[The records]:
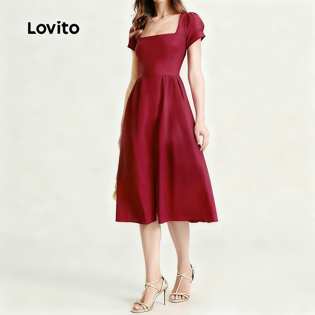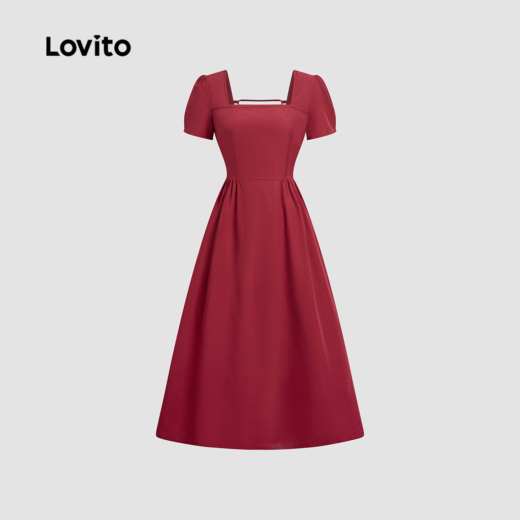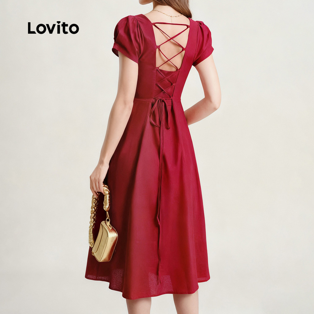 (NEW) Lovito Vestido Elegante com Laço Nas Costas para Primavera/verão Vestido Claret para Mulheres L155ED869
* * *
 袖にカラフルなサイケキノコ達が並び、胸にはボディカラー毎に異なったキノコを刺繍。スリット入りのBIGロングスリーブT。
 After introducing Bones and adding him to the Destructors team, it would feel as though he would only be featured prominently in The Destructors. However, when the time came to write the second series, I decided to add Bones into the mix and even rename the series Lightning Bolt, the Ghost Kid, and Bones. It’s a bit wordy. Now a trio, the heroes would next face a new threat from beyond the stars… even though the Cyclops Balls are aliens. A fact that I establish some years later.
==
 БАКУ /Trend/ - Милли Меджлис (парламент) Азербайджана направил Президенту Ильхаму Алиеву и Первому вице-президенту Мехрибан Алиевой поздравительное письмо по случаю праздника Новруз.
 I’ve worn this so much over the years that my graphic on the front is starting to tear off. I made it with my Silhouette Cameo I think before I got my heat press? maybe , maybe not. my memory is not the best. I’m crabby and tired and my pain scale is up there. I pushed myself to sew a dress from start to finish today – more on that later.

[Work order]: Only one number is wanted: how many lines of the listing above hold the word "later".

[Solution below]: 2